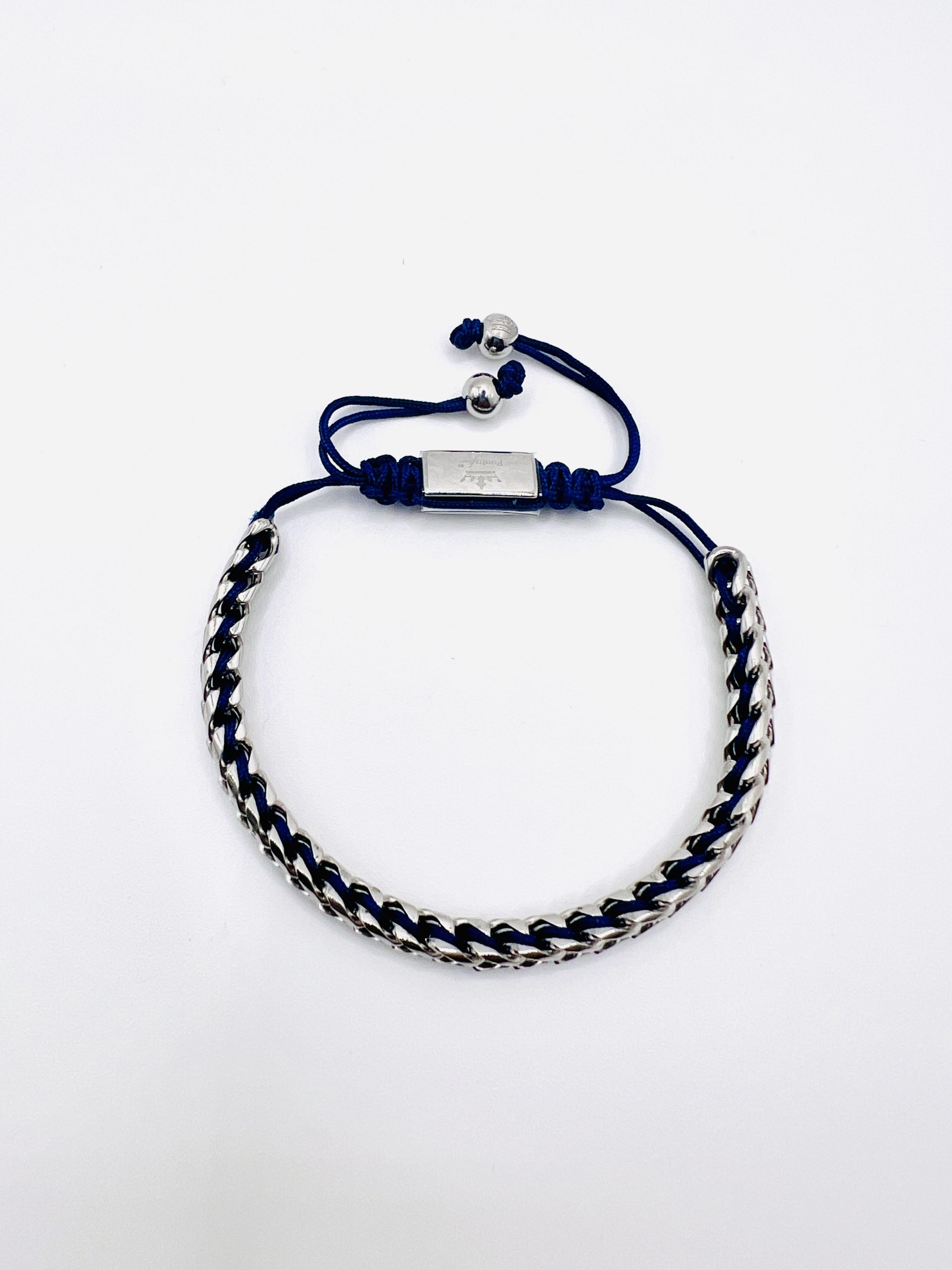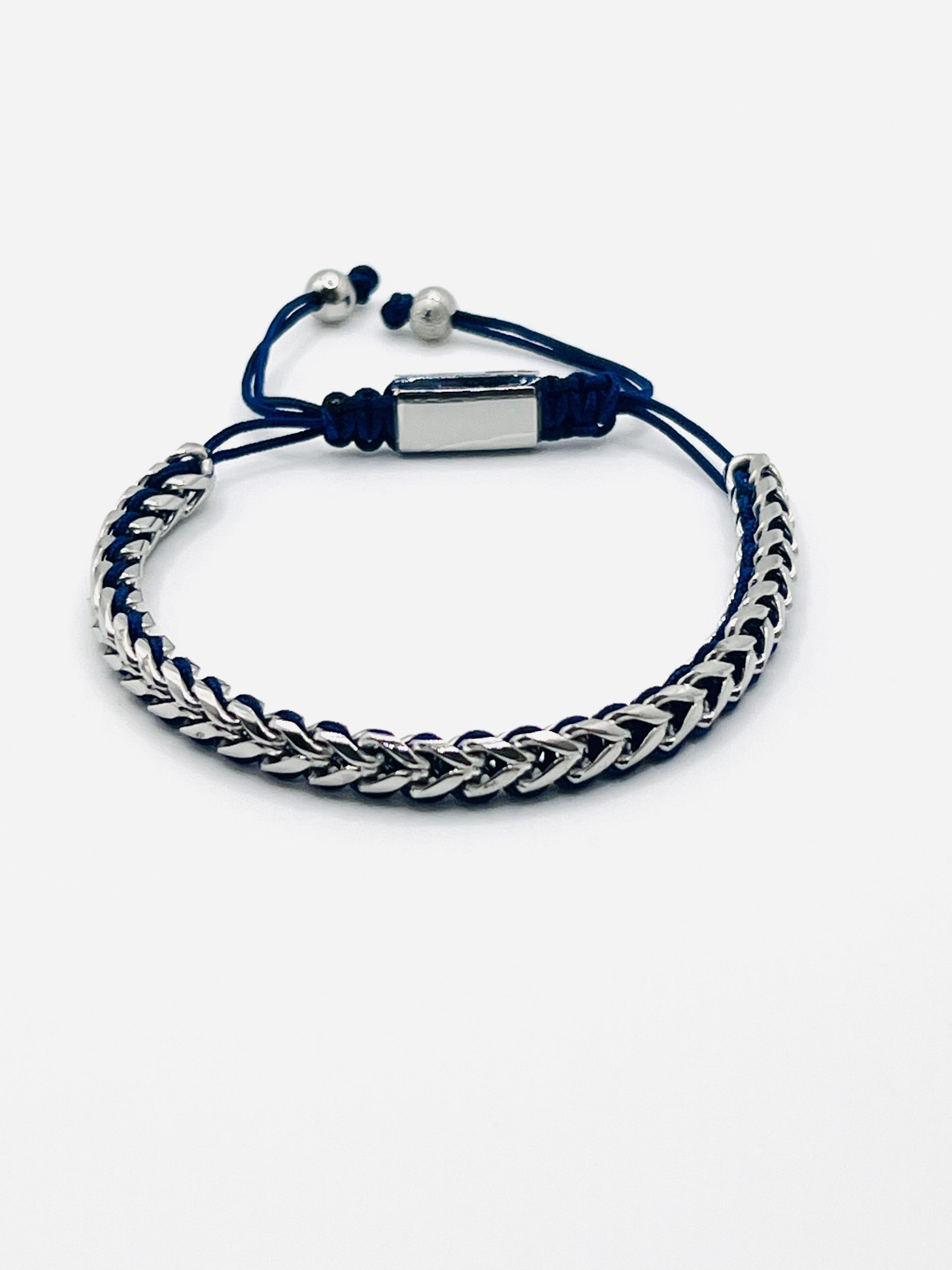 Pulseira aço prateado, com fio azul, ajustável, modelo trança.
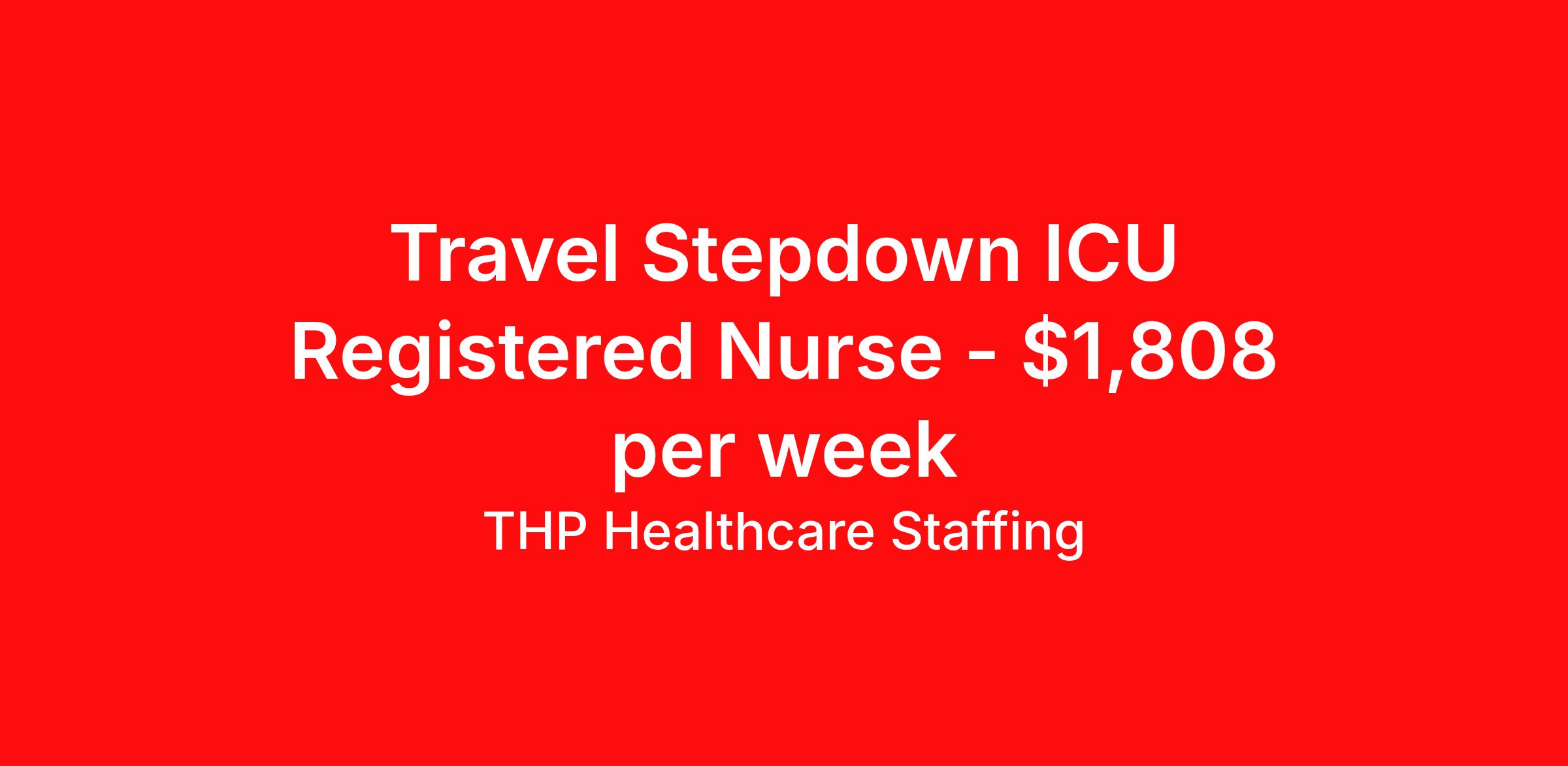 THP Healthcare Staffing is seeking a travel nurse RN PCU - Progressive Care Unit for a travel nursing job in Orangeburg, South Carolina. Job Description & Requirements Specialty: PCU - Progressive Care Unit Discipline: RN Start Date: 04/21/2026 Duration: 13 weeks 36 hours per week Shift: 12 hours, days Employment Type: Travel Our Client is currently seeking RN - Stepdown positions in Orangeburg, SC for a 3x12 Days shift. You must have current State Licensure and at least 1 year of recent experience. Requirements Current Resume State Licensure Current BLS and/or ACLS and/or Specialty Certifications 2 Current Clinical References Physical (Within 12 Months) TB Skin Test (Within 12 Months) Titers - MMR/Hep B/Varicella Respiratory Fit Test (Within 12 Months) Current - Tdap/Flu Vaccinations Must be able to pass pre-employment, background and urine drug screening Compensation and Benefits Compettive Pay Packages Health Benefit Package Travel pay - 1st pay check Extending Contract Bonus Refer a friend and earn extra cash! At THP Healthcare Staffing, we take care of you - work with us, not for us! THP Healthcare Staffing Job ID 17989936. Pay package is based on 12 hour shifts and 36.0 hours per week (subject to confirmation) with tax-free stipend amount to be determined. Posted job title: RN:Stepdown,07:00:00-19:00:00 About THP Healthcare Staffing At THP Staffing, we specialize in connecting healthcare facilities with highly skilled travel nurses and allied health professionals who bring exceptional care and expertise wherever they go. Our mission is to ensure that every healthcare provider has access to top nursing talent, regardless of location, to deliver superior patient outcomes. Benefits Weekly pay Life insurance Pet insurance License and certification reimbursement Medical benefits Employee assistance programs Referral bonus Vision benefits Holiday Pay Health savings account
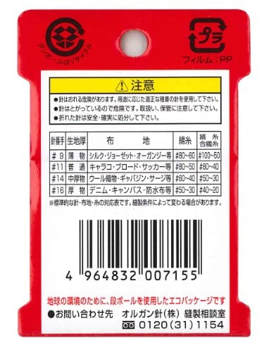 オルガン針 ORGAN NEEDLES 家庭用ミシン針Eカラー HA×1 #14 中厚生地用
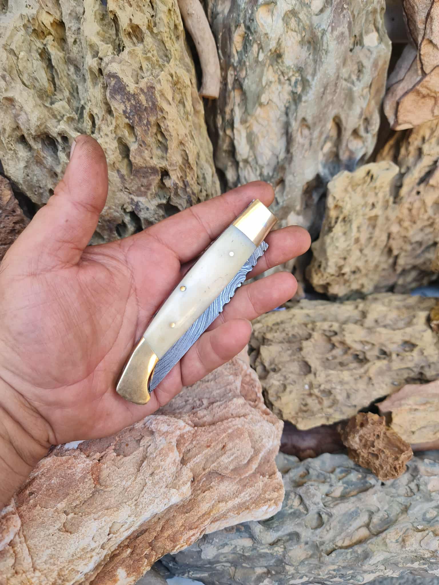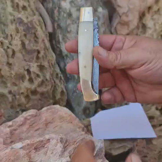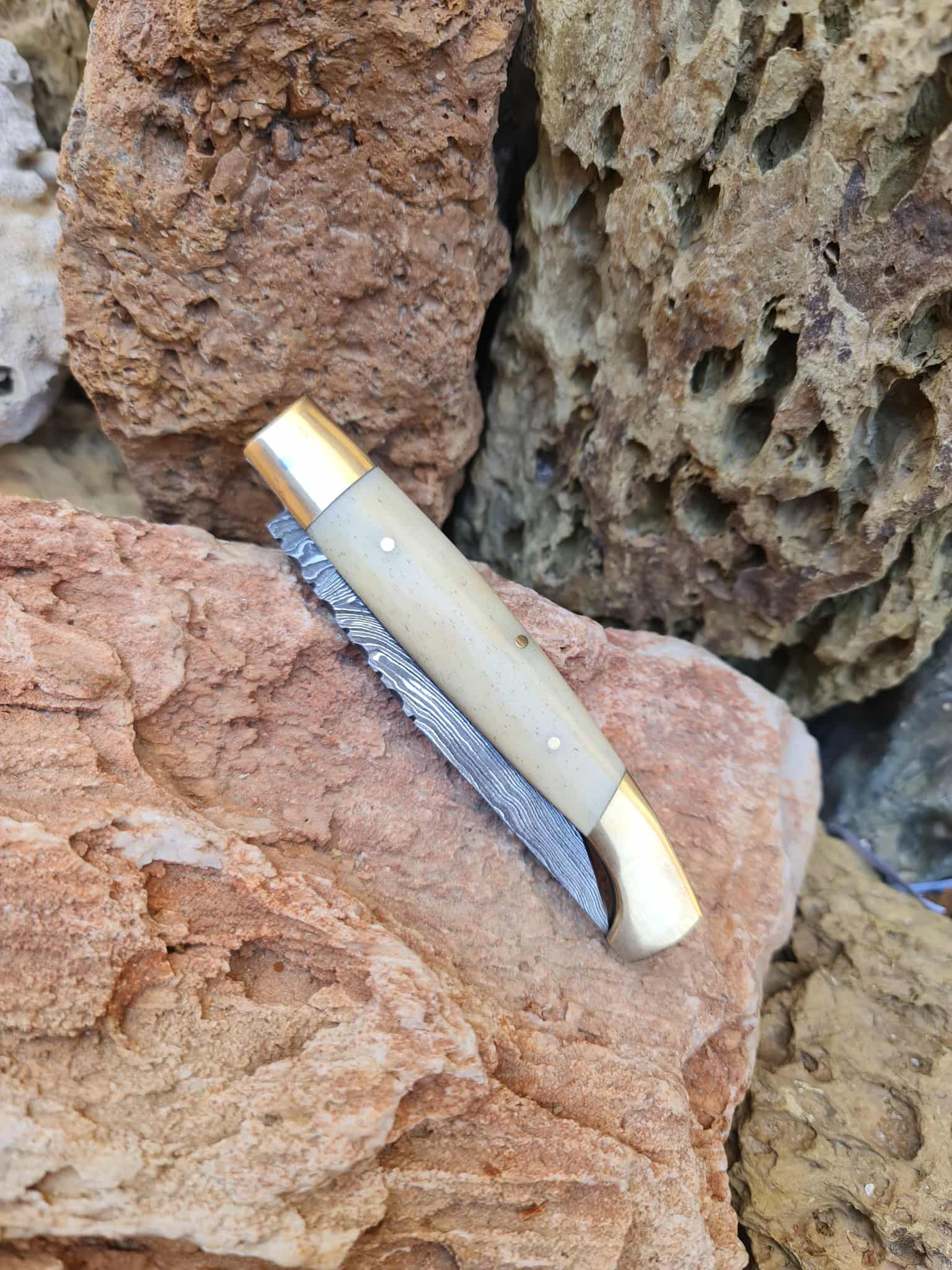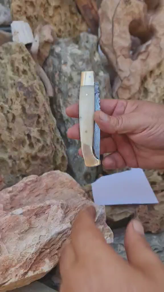 Handmade Resolza Pattadese – 23cm Italian Style Folding Knife with Damascus Steel - Brass & Camel Bone
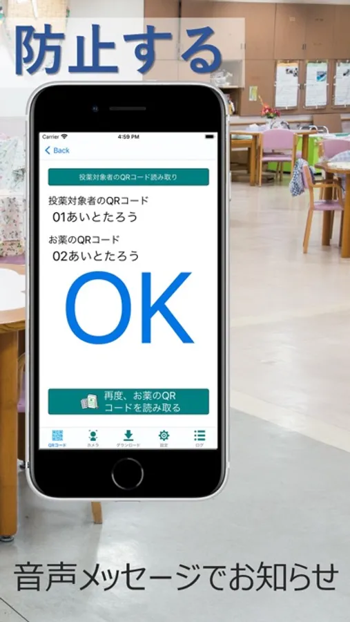 服薬対象者に渡す前に、服薬対象者の名札や食券などのQRコードを読み取り、QRコードが一致した場合、正しい投薬対象者であることを通知します。
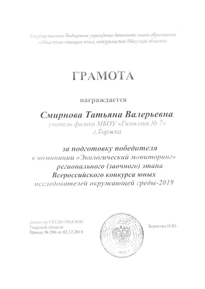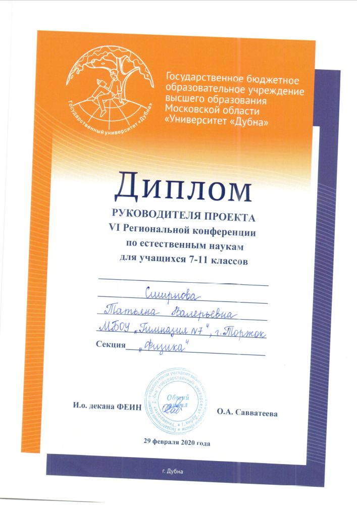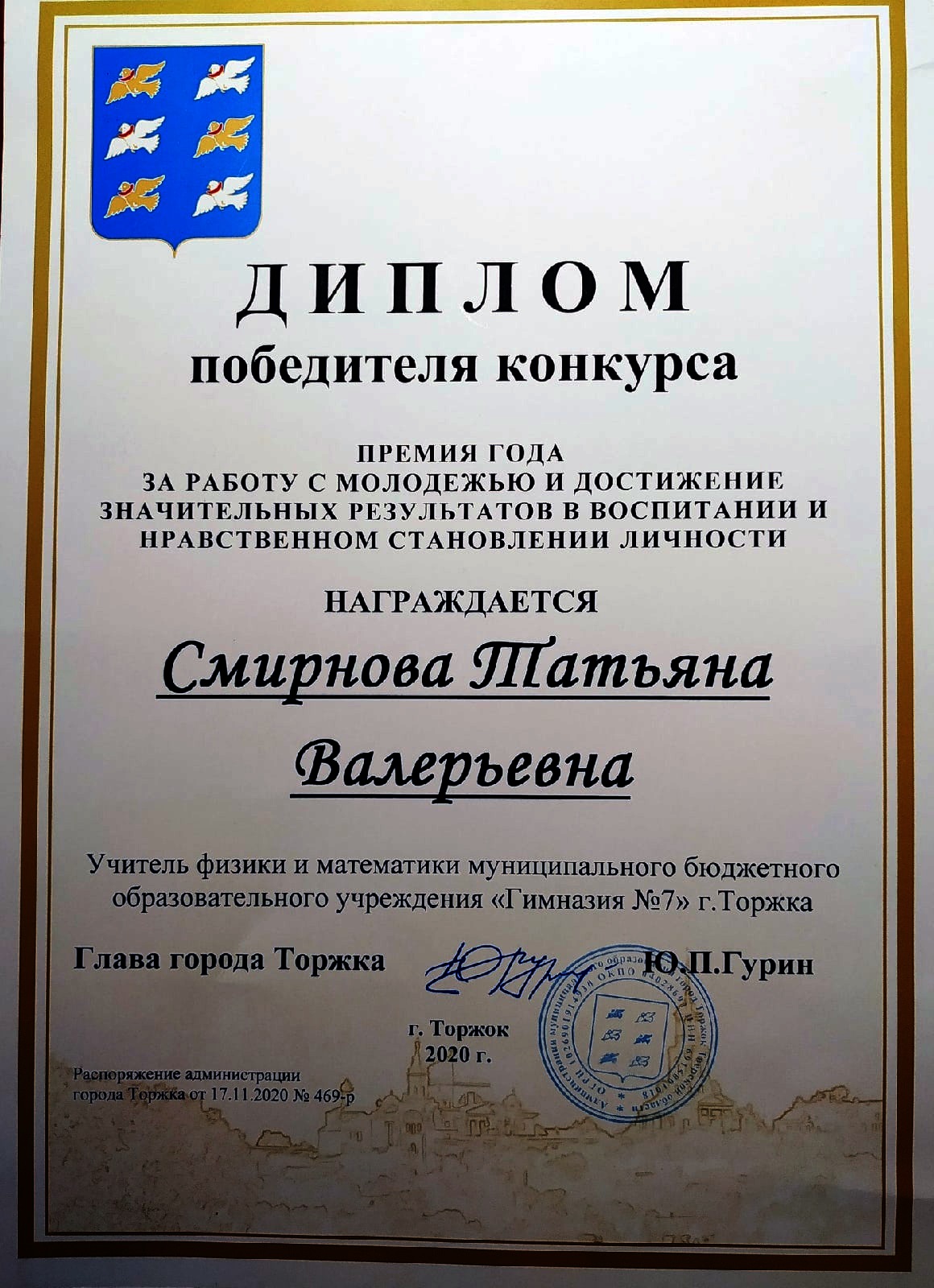 - Диплом победителя конкурса за работу с молодежью и достижение значительных результатов в воспитании и нравственном становлении личности. Распоряжение администрации города Торжка от 17.11.2020 №469-р

Task requirements: Leave the pictures out, then print every entry exactly as it reads.

Answer box:
 Pulseira aço prateado, com fio azul, ajustável, modelo trança.
 THP Healthcare Staffing is seeking a travel nurse RN PCU - Progressive Care Unit for a travel nursing job in Orangeburg, South Carolina. Job Description & Requirements Specialty: PCU - Progressive Care Unit Discipline: RN Start Date: 04/21/2026 Duration: 13 weeks 36 hours per week Shift: 12 hours, days Employment Type: Travel Our Client is currently seeking RN - Stepdown positions in Orangeburg, SC for a 3x12 Days shift. You must have current State Licensure and at least 1 year of recent experience. Requirements Current Resume State Licensure Current BLS and/or ACLS and/or Specialty Certifications 2 Current Clinical References Physical (Within 12 Months) TB Skin Test (Within 12 Months) Titers - MMR/Hep B/Varicella Respiratory Fit Test (Within 12 Months) Current - Tdap/Flu Vaccinations Must be able to pass pre-employment, background and urine drug screening Compensation and Benefits Compettive Pay Packages Health Benefit Package Travel pay - 1st pay check Extending Contract Bonus Refer a friend and earn extra cash! At THP Healthcare Staffing, we take care of you - work with us, not for us! THP Healthcare Staffing Job ID 17989936. Pay package is based on 12 hour shifts and 36.0 hours per week (subject to confirmation) with tax-free stipend amount to be determined. Posted job title: RN:Stepdown,07:00:00-19:00:00 About THP Healthcare Staffing At THP Staffing, we specialize in connecting healthcare facilities with highly skilled travel nurses and allied health professionals who bring exceptional care and expertise wherever they go. Our mission is to ensure that every healthcare provider has access to top nursing talent, regardless of location, to deliver superior patient outcomes. Benefits Weekly pay Life insurance Pet insurance License and certification reimbursement Medical benefits Employee assistance programs Referral bonus Vision benefits Holiday Pay Health savings account
 オルガン針 ORGAN NEEDLES 家庭用ミシン針Eカラー HA×1 #14 中厚生地用
 Handmade Resolza Pattadese – 23cm Italian Style Folding Knife with Damascus Steel - Brass & Camel Bone
 服薬対象者に渡す前に、服薬対象者の名札や食券などのQRコードを読み取り、QRコードが一致した場合、正しい投薬対象者であることを通知します。
 - Диплом победителя конкурса за работу с молодежью и достижение значительных результатов в воспитании и нравственном становлении личности. Распоряжение администрации города Торжка от 17.11.2020 №469-р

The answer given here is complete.